I believe the mechanism is taking this into account already. As soon as there is shared memory between goroutines, we can automatically opt-out of region-based memory handling in favor of traditional memory handling.

If this feature is stuck in PGO-land, that means that traditional is always the default and establishing a region is a runtime concern.
Not sure why leaving it to the runtime though.
On the other hand, is it valuable for every goroutine to automatically establish a region or is it better to leave it as a dev concern? The design docs hints toward the latter since fading is control-flow sensitive.
Otherwise, it could definitely be a compiler optimization pass on every goroutine of a program.

robaho · 2024-11-09T21:07:57Z

robaho
Nov 9, 2024

I am not certain why you couldn’t get most of the benefit transparently with a small object non copying per routine generational collector/region. So objects that are recently allocated can be quickly collected - hopefully cleaning the region. The region could also support bump allocations if mostly empty - which is the expectation of a region biased workload.

4 replies

mknyszek Nov 9, 2024
Maintainer Author

Connecting this proposal to generational approaches is reasonable. But generational garbage collection has substantial costs that often don't pan out for Go programs. We have tried it, in at least two different iterations.

In short, some applications benefit. Many do not.

At least part of the problem appears to be that, in practical terms, the weak generational hypothesis does not hold up well with respect to heap-allocated memory in many real-world Go programs (think 60-70% young object mortality vs. the 95% typically expected). If the weak generational hypothesis does not hold up well, we're not reaping enough memory each minor cycle to cover the global fixed costs: you will have more GC cycles, so those GC cycles better be a good bang for your buck. In particular, generational collectors need some way to track old->new pointers. Even a simple card marking write barrier is relatively expensive because it is always enabled.

So why does the weak generational hypothesis not hold up well? Compared to Java, many fewer objects get allocated on the heap in Go due to compile-time escape analysis. Empirically, for the same CPU burn, I've observed about a 5x difference. (From this perspective you could argue the weak generational hypothesis does hold, and you might be right. Let's just focus on heap memory though, because we're talking about generational garbage collection techniques.) Furthermore, many more objects are likely to out-live a GC cycle because GOGC=100 is somewhat aggressive as a default. JVMs typically use more memory by default and have longer cycles. And defaults matter.

We have put additional thought into this over the years. There may yet be a way to do it and make it widely profitable, but if so, it's not obvious. It is also possible we made mistakes in our previous attempts and they could be rectified, but it's hard to justify the complexity of a global generational mechanism with the risk of many real programs performing less efficiently out of the box. (Could it be a GOEXPERIMENT like the design discussion here suggests? Sure. But generational garbage collection is still global in a way that this isn't and so you lose some nice locality properties. These properties allow one to, for example, disable regions with PGO. But you can't just turn off the costs of generational garbage collection in such a localized way.)
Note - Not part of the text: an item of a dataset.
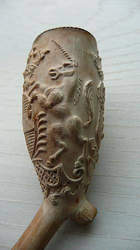 Het fabeldier eenhoorn wordt in de cryptozoölogie beschreven als een soort wild paard. Met op zijn voorhoofd een spiraalvormige hoorn, gedraaid en uitlopend in een punt. Met gespleten hoeven, een staart als van een leeuw en een geitensik (de eenhoorn op de 19e eeuwse pijpenkop staat met sik afgebeeld). Al 400 jaar voor Christus aan het hof van de Perzische koning werd de eenhoorn al beschreven door de historicus Ctesias. In de Middeleeuwen werd een eenhoorn aangeduid als een sterk en woest beest maar tegelijkertijd geassocieerd met kuisheid en maagdelijkheid. Een eenhoorn kon alleen in bedwang gehouden worden door een maagd. Inmiddels weten we dat met de hoorn van het fabeldier eenhoorn de slagtand van de narwal bedoeld wordt, een dolfijnachtige die zijn lange slagtand gebruikt als gevoelig tastorgaan.

Part of the reasoning behind this proposal, and the reason this proposal is an API, is to provide a localized mechanism for opting into something sort of generational-like where appropriate. The core observation here is that bounding lifetimes of most objects in most programs is not too hard for someone to do, and they can profit. We learned this from the arena experiment.

To respond to your other concern in a different thread about cognitive overhead: this API is somewhat niche. The point is to apply it to the performance-sensitive part of your code when you have something real to gain. Most Go programs likely do not care. But some will, namely the resource-sensitive and latency-sensitive ones. Once you're already incurring the cognitive overhead of this sensitivity, my guess is that the additional cognitive overhead of regions is a small delta. And given that it can be somewhat locally reasoned about, the hope is that the cognitive overhead is also localized, roughly the same way it would be if you're optimizing a particular codepath.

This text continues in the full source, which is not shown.